*** Block opens ***

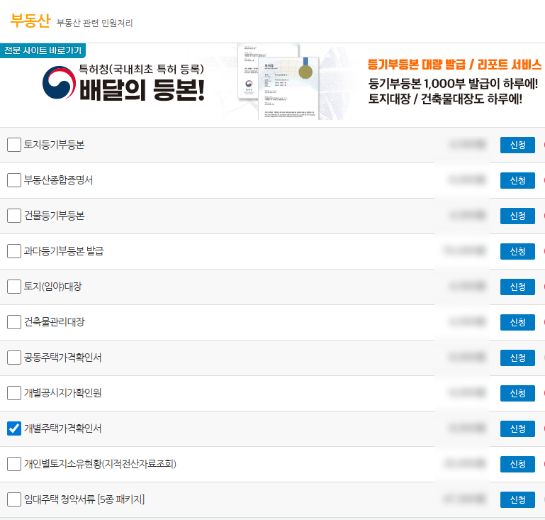 2. [개별주택가격확인서] 검색하기
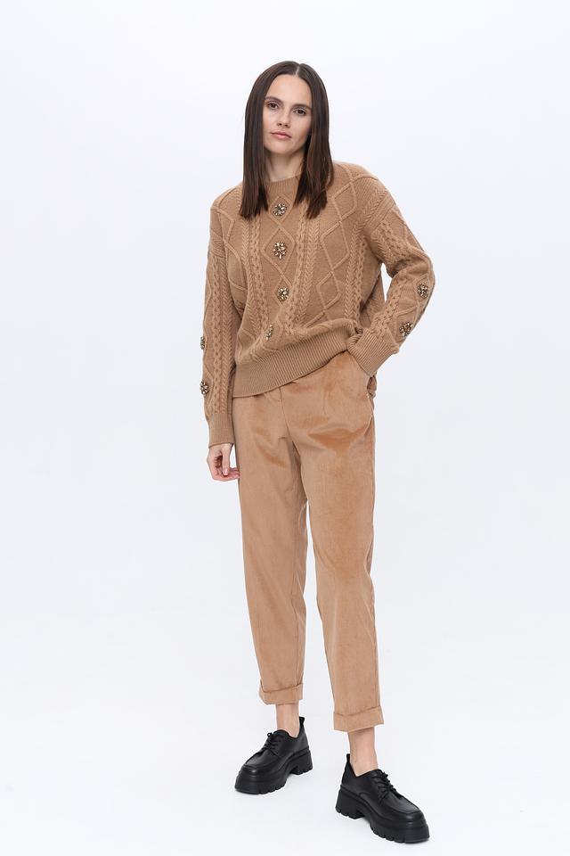 Особенностью данного джемпера является рельефный узор в виде кос, который добавляет текстуры и визуального интереса. Округлый вырез горловины и длинные рукава делают его универсальным для различных стилей. Этот джемпер идеально сочетается с брюками, юбками и джинсами, позволяя создавать разнообразные образы.
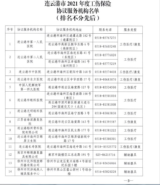 根据《工伤保险条例》、《关 于加强工伤保险医疗服务协议管理工作的通知》、《江苏省实施〈工伤保险条例>办法》、《江苏省工伤康复协议医疗机构条件(试行)》、《连云港市工伤康复定点医疗机构协议管理办法(试行)》等文件规定,现新增连云港长寿医院为我市2021年度工伤保险医疗、康复协议服务机构,协议执行时间为2021年1月1日至2021年12月31日。
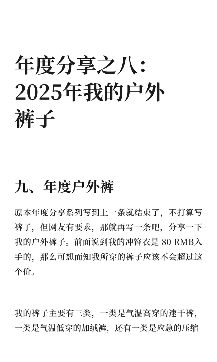 原本年度分享系列写到上一条就结束了,不打算写裤子,但网友有要求,那就再写一条吧,分享一下我的户外裤子。前面说到我的冲锋衣是 80 RMB入手的,那么可想而知我所穿的裤子应该不会超过这个价。
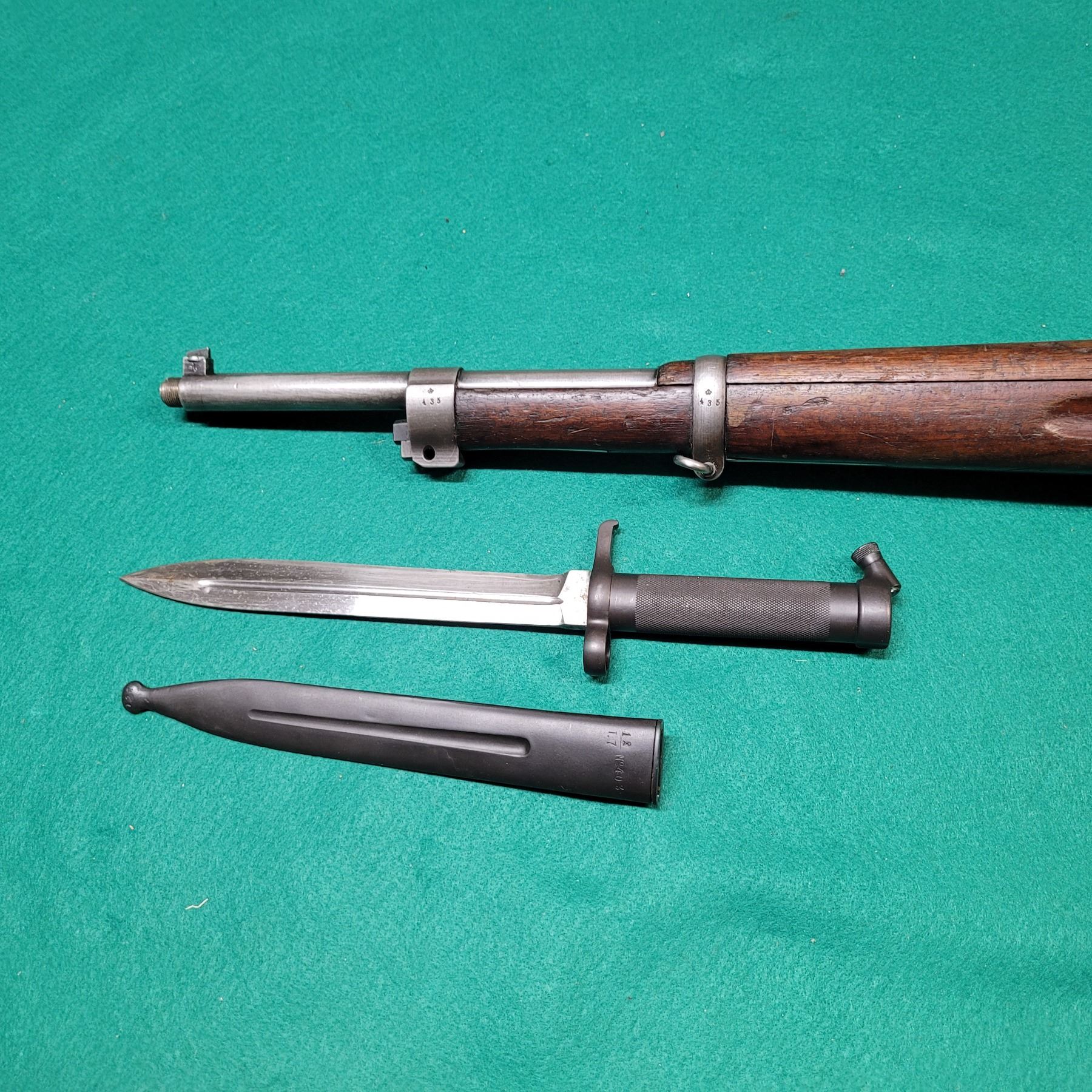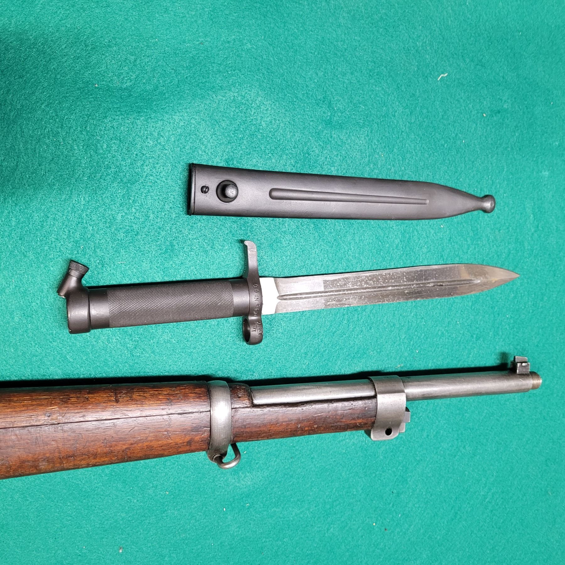 Some blueing loss in some areas. Bayonet maybe reblued.
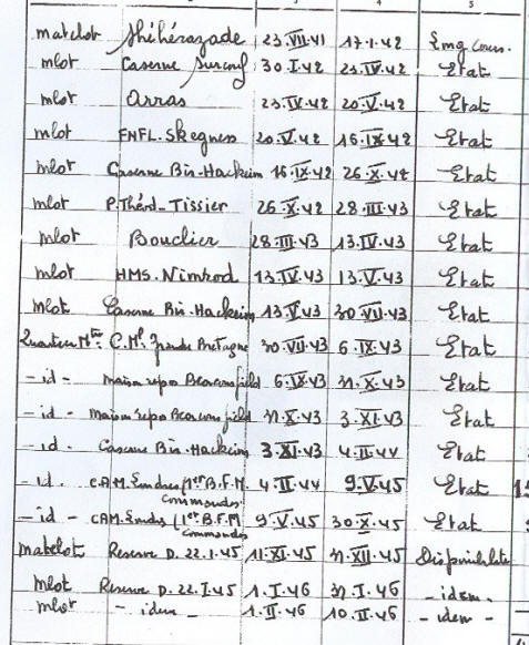 novembre 1943, Bir Hackeim jusqu'au 5 février 1944, puis au commando
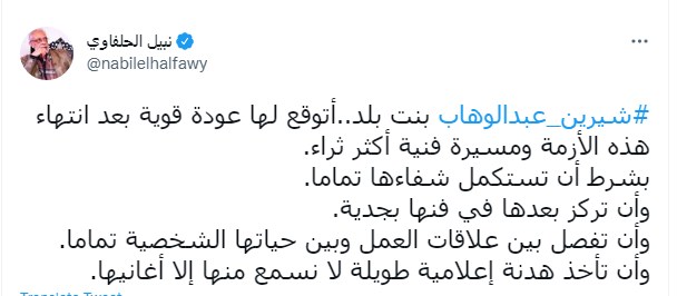 وكتب نبيل الحلفاوي تغريدة على تويتر وجهها للفنانة شيرين عبد الوهاب فقال: "#شيرين_عبدالوهاب بنت بلد..أتوقع لها عودة قوية بعد انتهاء هذه الأزمة ومسيرة فنية أكثر ثراء."
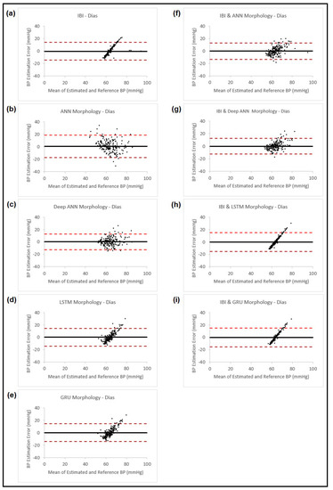Bland–Altman plots presenting diastolic blood pressure estimation using different methods: (a) Estimation using PPG dynamics features and ANN model; (b) Estimation using PPG morphology features and ANN model; (c) Estimation using PPG morphology features and feedforward deep NN model; (d) Estimation using PPG morphology features and LSTM model; (e) Estimation using PPG morphology features and GRU model; (f) Estimation combining the estimated BP result from (b) and PPG dynamics and use them in ANN model; (g) Estimation combining the estimated BP result from (c) and PPG dynamics and use them in ANN model; (h) Estimation combining the estimated BP result from (d) and PPG dynamics and use them in ANN model; (i) Estimation combining the estimated BP result from (e) and PPG dynamics and use them in ANN model. In all the plots, the black horizontal line is the bias and the two dashed red lines are the 95% limits of agreement.
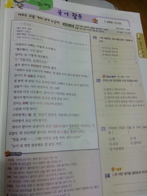 더해서 출제비중이 점점 늘어나는 서술형에 대비하여 교과연계에 충실한 것은 물론 국어의 경우엔 논술과 어휘력을 잡아주고, 사회의 경우엔 단원정리와 자료활용을 통한 확인학습을 도와주며, 과학의 경우엔 실험관찰풀이를 더하여 이해도를 높여주고 있어 갑자기 불어난 과목수에 학습교재까지 늘어나면 버거워 할 아이들에게 한권으로 충분한 우공비가 딱이다 싶내요.
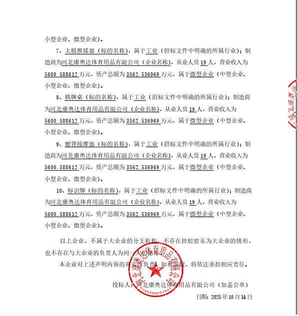 根据财办库〔****〕***号《关于进一步提高政府采购透明度和采购效率相关事项的通知》公示如下:河北康奥达体育用品有限公司评审总得分:***.**分;评审平均分:**.**分;最终得分:**.**分。(一包)
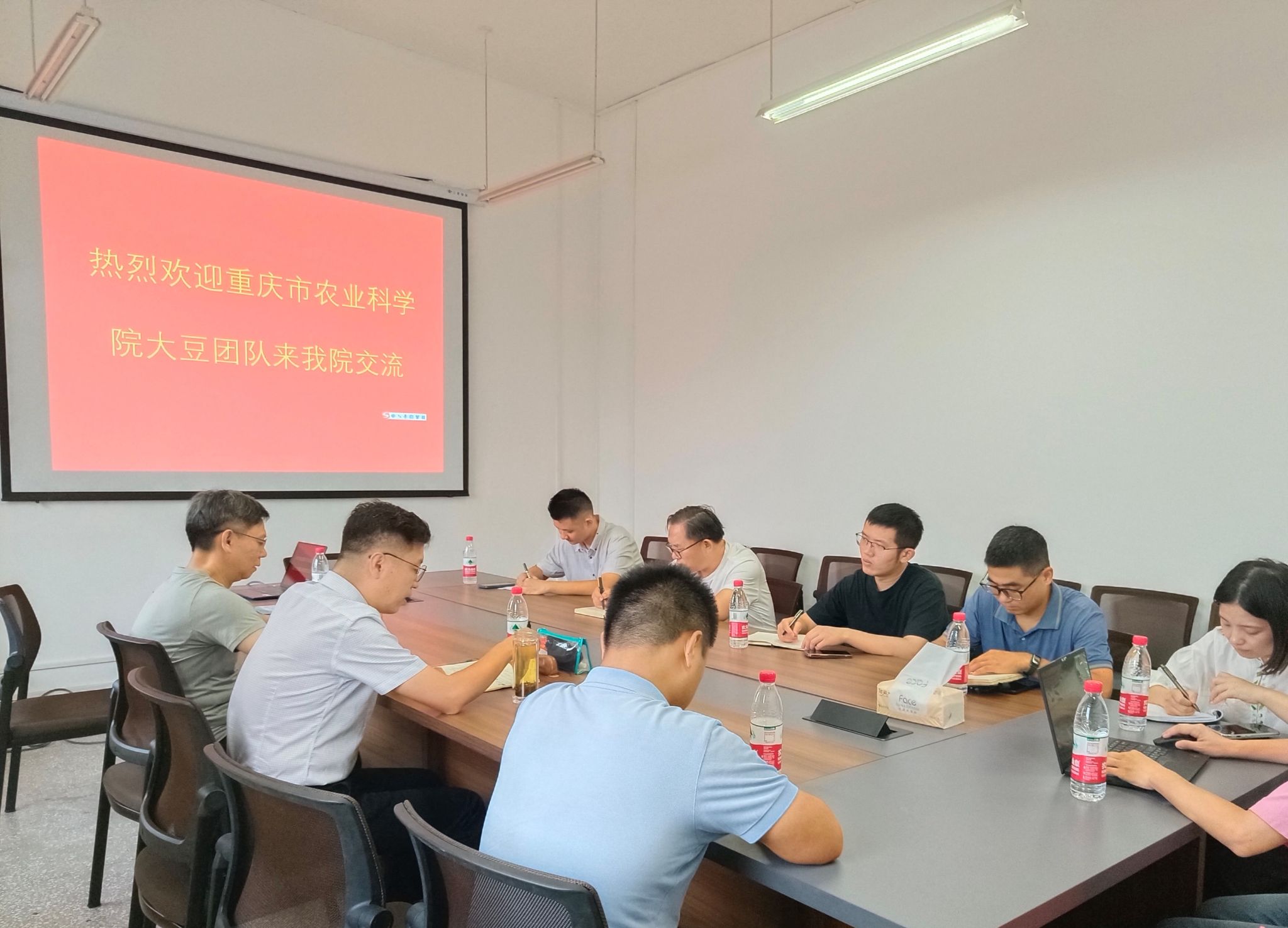 为更好推进我院大豆研究所与重庆市农科院豆类创新团队的合作与交流,2024年9月29日,重庆市农科院豆类首席专家杜成章研究员一行来到学院座谈交流,我院大豆研究所易泽林、罗明等相关工作人员参加了座谈交流。

*** Block closes ***

### [What you need to do]
Your copy should hold only the lines above from the one containing "根据《工伤保险条例》、《关 于加强工伤保" through the one containing "وكتب نبيل الحلفاوي", exactly as written and free of pictures.

### [Output for this task]
 根据《工伤保险条例》、《关 于加强工伤保险医疗服务协议管理工作的通知》、《江苏省实施〈工伤保险条例>办法》、《江苏省工伤康复协议医疗机构条件(试行)》、《连云港市工伤康复定点医疗机构协议管理办法(试行)》等文件规定,现新增连云港长寿医院为我市2021年度工伤保险医疗、康复协议服务机构,协议执行时间为2021年1月1日至2021年12月31日。
 原本年度分享系列写到上一条就结束了,不打算写裤子,但网友有要求,那就再写一条吧,分享一下我的户外裤子。前面说到我的冲锋衣是 80 RMB入手的,那么可想而知我所穿的裤子应该不会超过这个价。
 Some blueing loss in some areas. Bayonet maybe reblued.
 novembre 1943, Bir Hackeim jusqu'au 5 février 1944, puis au commando
 وكتب نبيل الحلفاوي تغريدة على تويتر وجهها للفنانة شيرين عبد الوهاب فقال: "#شيرين_عبدالوهاب بنت بلد..أتوقع لها عودة قوية بعد انتهاء هذه الأزمة ومسيرة فنية أكثر ثراء."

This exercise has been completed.